[Stored records]
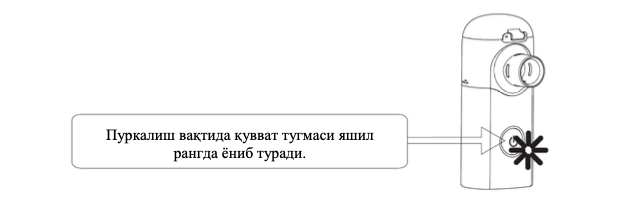 2. Ингаляцияни тугатгандан сўнг, қувват тугмасини босиб небулайзерни ўчиринг.
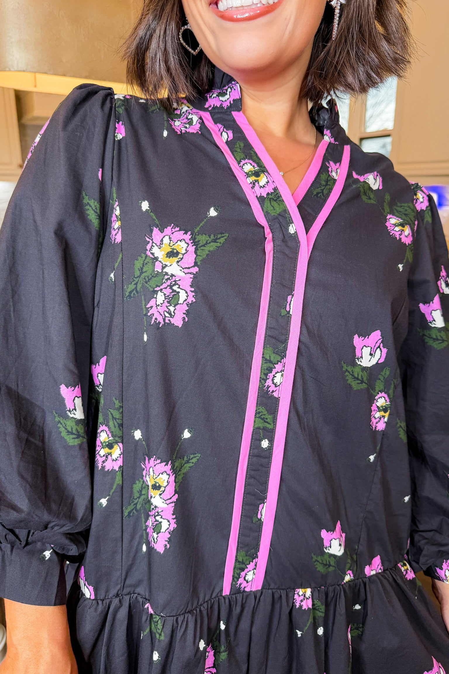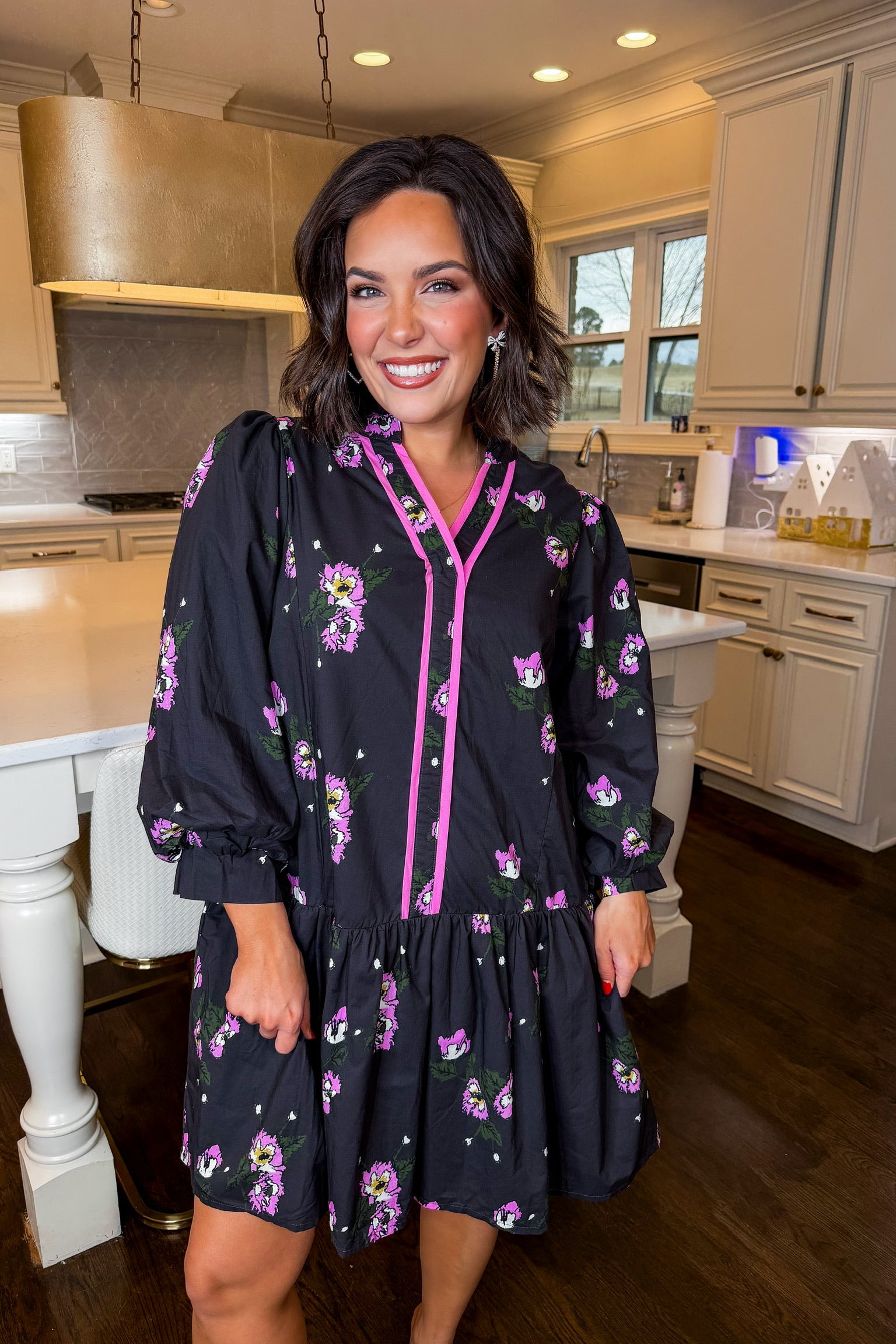Effortlessly feminine with a touch of modern polish. Dress is the piece you’ll reach for when you want to feel put-together with zero effort. Featuring a flattering V-neckline with contrast trim, soft long sleeves, and a relaxed fit through the body, this dress flows into a flouncy skirt that moves beautifully with every step. The deep navy base paired with delicate floral details makes it perfect for year-round wear.
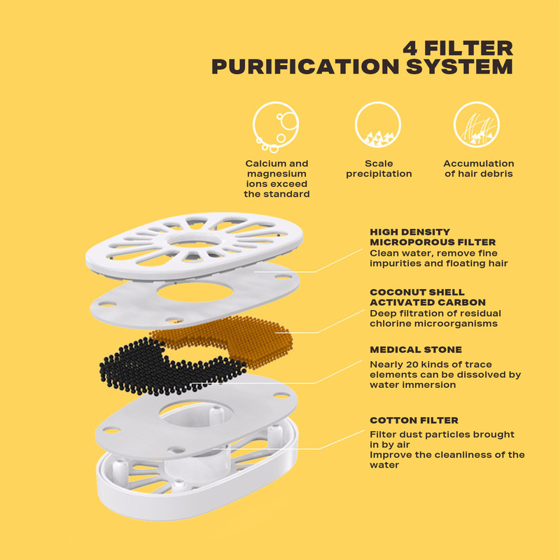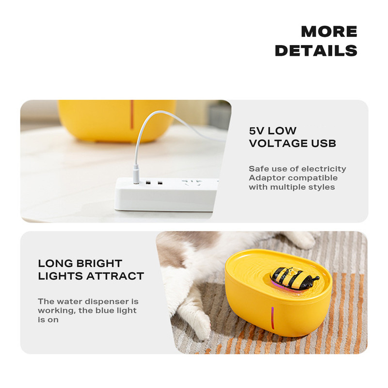 This automatic water fountain is designed for small to medium-sized pets, providing a continuous supply of fresh and hygienic water. It features a large 2-liter capacity and a circulation system that helps maintain water quality throughout the day. The fountain includes a replaceable filter to effectively remove hair, odors, and chlorine, ensuring cleaner water for your pets. Equipped with an LED indicator, it shows the water level and operational status, with a blue light indicating it is working and a red light indicating it is not. Powered by a USB cable, it is safe, hygienic, and easy to clean with dishwasher-safe components.
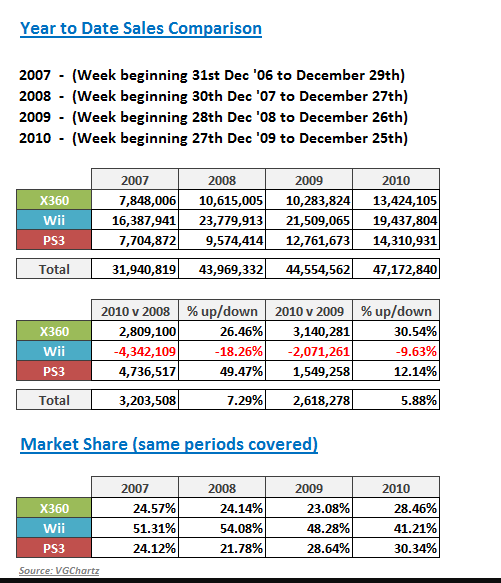 In VGC PS3 lead by over 600k. X360: 13,112,635 13,424,105 * Theses numbers doen't include the first 3 days of 2010. Before adjustments 360 was near or over PS3 on year. |
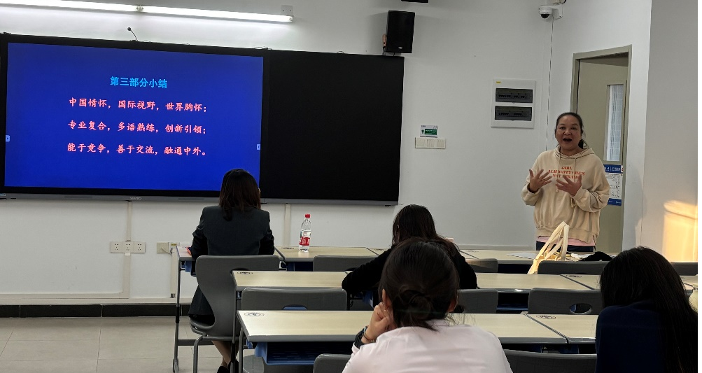 讲座最后,杨晓敏院长对本次讲座进行了总结。杨院长首先感谢了马老师的精彩分享。随后杨院长强调指出外语是当代人才不可或缺的核心能力,同学们应不断提升复语素养。杨院长提到学院目前已推进本科教学改革,探索“外语+专业”的双学士培养模式,拓展更多发展路径。最后杨院长总结:这次讲座拓宽了同学们的视野,希望大家进一步明确目标、持续提升自我。

§ How to complete this task
Copy every line of the data exactly as written, excluding the pictures.

§ Response
 2. Ингаляцияни тугатгандан сўнг, қувват тугмасини босиб небулайзерни ўчиринг.
Effortlessly feminine with a touch of modern polish. Dress is the piece you’ll reach for when you want to feel put-together with zero effort. Featuring a flattering V-neckline with contrast trim, soft long sleeves, and a relaxed fit through the body, this dress flows into a flouncy skirt that moves beautifully with every step. The deep navy base paired with delicate floral details makes it perfect for year-round wear.
 This automatic water fountain is designed for small to medium-sized pets, providing a continuous supply of fresh and hygienic water. It features a large 2-liter capacity and a circulation system that helps maintain water quality throughout the day. The fountain includes a replaceable filter to effectively remove hair, odors, and chlorine, ensuring cleaner water for your pets. Equipped with an LED indicator, it shows the water level and operational status, with a blue light indicating it is working and a red light indicating it is not. Powered by a USB cable, it is safe, hygienic, and easy to clean with dishwasher-safe components.
 In VGC PS3 lead by over 600k. X360: 13,112,635 13,424,105 * Theses numbers doen't include the first 3 days of 2010. Before adjustments 360 was near or over PS3 on year. |
 讲座最后,杨晓敏院长对本次讲座进行了总结。杨院长首先感谢了马老师的精彩分享。随后杨院长强调指出外语是当代人才不可或缺的核心能力,同学们应不断提升复语素养。杨院长提到学院目前已推进本科教学改革,探索“外语+专业”的双学士培养模式,拓展更多发展路径。最后杨院长总结:这次讲座拓宽了同学们的视野,希望大家进一步明确目标、持续提升自我。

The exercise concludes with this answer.